Vantage AI

Inspiration

While preparing for placement interviews, I realized that technical knowledge alone was not enough. During mock interviews, even when I knew the correct answers, my delivery lacked visible confidence. As someone more on the introverted side, maintaining steady eye contact, controlled gestures, and smooth speech under pressure was difficult.

This led to a core question:

Can confidence be measured as observable behavioral stability rather than a subjective feeling?

Instead of relying on human feedback alone, I wanted to build a system that provides measurable, real-time behavioral insights. That idea became Vantage AI.


What it does

Vantage AI is a real-time behavioral confidence analysis system that evaluates three observable signals:

  • Eye stability
  • Gesture smoothness
  • Speech decisiveness

These signals are fused into a unified confidence score that updates in real time, giving the user immediate feedback on their behavioral confidence.


How we built it

The system was built using:

  • Python
  • OpenCV for real-time camera input
  • MediaPipe Face Landmarker for facial and iris tracking
  • MediaPipe Hands for gesture detection
  • NumPy for feature computation
  • Streamlit for UI deployment

Eye tracking

We computed eye positions relative to stable facial landmarks so that head movement would not falsely reduce the stability score. This allowed the system to detect actual eye movement accurately.

Gesture smoothness

Hand motion was tracked and measured for consistency. Sudden jerks or irregular gestures were detected, while smooth movements contributed positively to the confidence score.

Speech decisiveness

Using microphone input, the system detected pauses and hesitation during speech. Longer pauses reduced the confidence score, while smooth, continuous speech increased it.


Challenges we ran into

  1. Head movement interference Initially, moving the head caused the eye stability score to drop incorrectly. Anchoring eye positions relative to the nose solved this.
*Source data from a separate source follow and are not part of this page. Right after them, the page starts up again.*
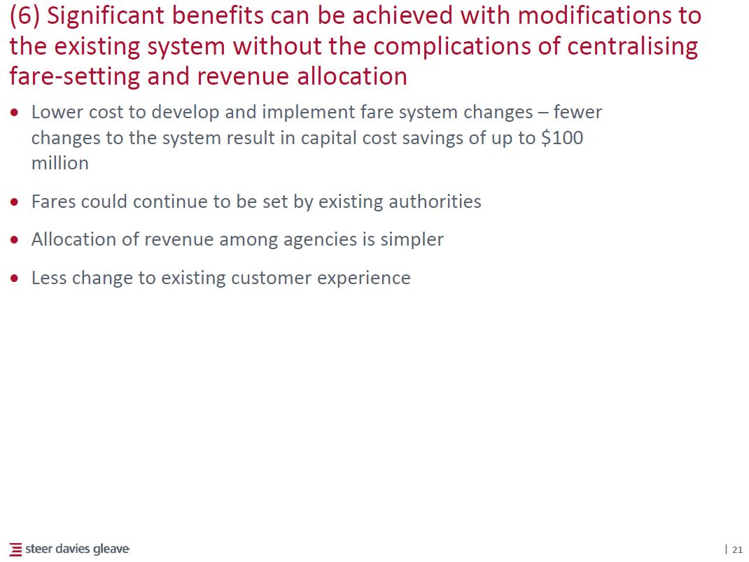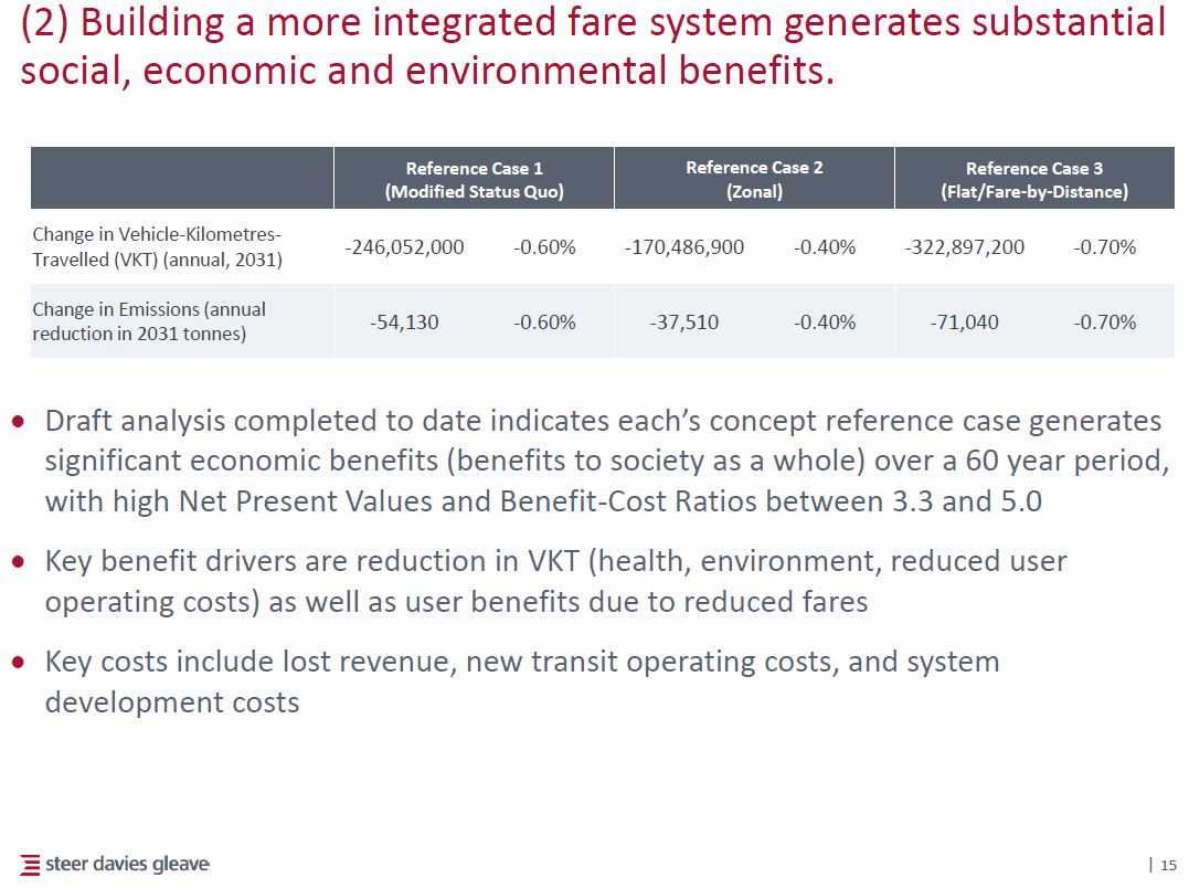 This is a clear case of overstating the “benefits” of a change. When the deltas are all under one percent, these are not “substantial” benefits. Economic indices such as Benefit-Cost ratio are shown as high, but these require a very long life cycle to achieve, and it is still unclear whether the added cost to riders who will now pay more for transit has even been factored into the analysis.
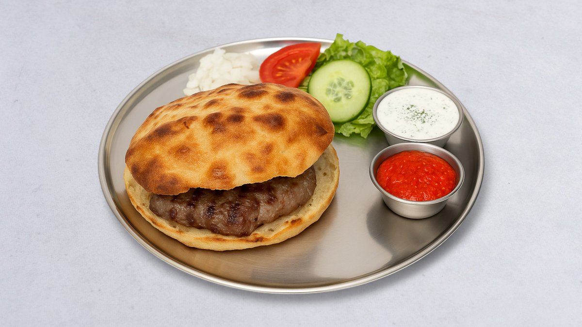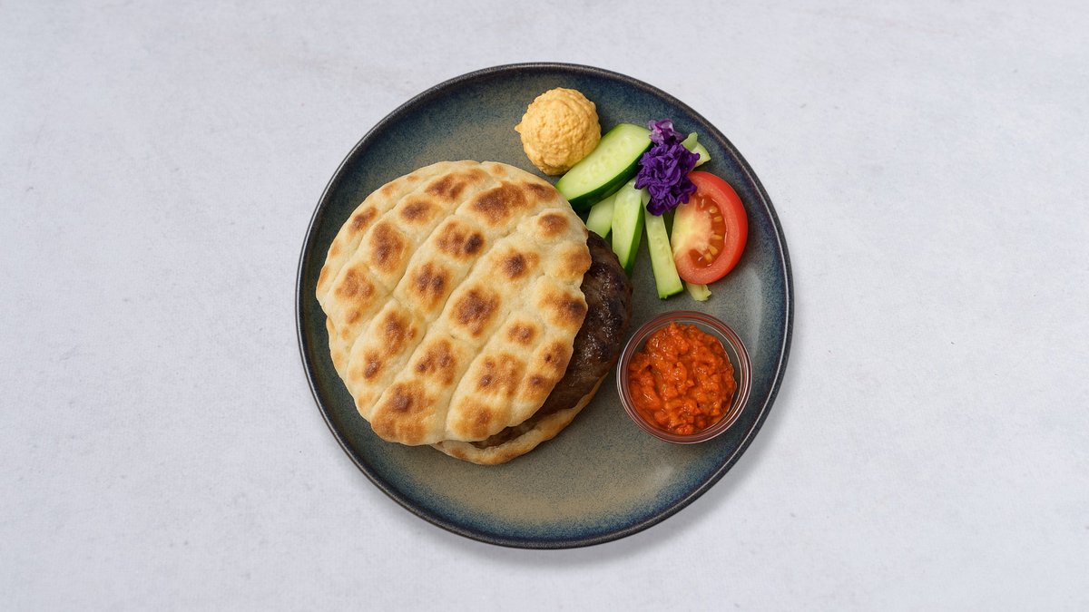 En stor, saftig köttfärsbiff gjord av nötfärs, smaksatt med vitlök och örter. Serveras traditionellt med lök, ajvar och lepinja.
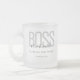 Uma caneca do BOSS com seu nome, o nome de sua empresa e sua data de estabelecimento. O design tem um esquema de cinza e cor preta. Simplesmente adicione sua informação, adicione esta caneca de vidro fosco ao seu carrinho, e beba seu café como o chefe que você é.
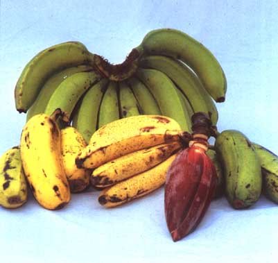 Le bananier appartient à la famille des Musacées. Il y a de nombreuses variétés de bananes qui diffèrent les unes des autres par leur saveur et leur aspect, mais elles se divisent en deux grandes catégories:
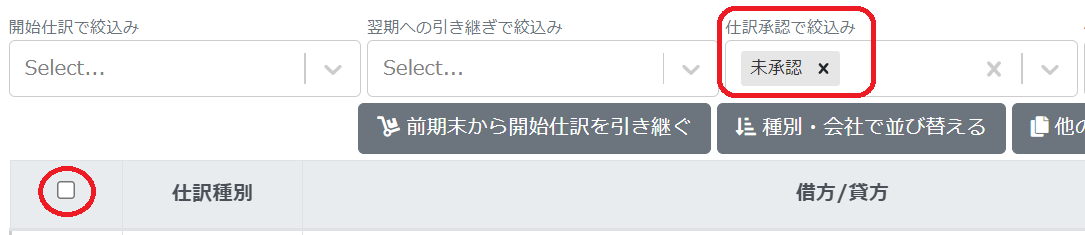 - 「仕訳承認で絞込み」のところで「未承認」で絞り込み、一括チェックボックスにチェックします

  2. Sensitivity calibration Small changes in thresholds drastically affected system behavior. Fine-tuning required multiple real-world tests.

  3. Multi-directional eye detection Detecting left, right, up, and down eye movements reliably was tricky. Switching to iris landmarks improved accuracy.

  4. Real-time performance Running face tracking, hand tracking, and UI updates together needed careful optimization to maintain smooth performance.

  5. Environment and deployment issues We faced Python version conflicts, MediaPipe compatibility issues, virtual environment misconfigurations, and Streamlit deployment warnings. Debugging dependencies took significant effort.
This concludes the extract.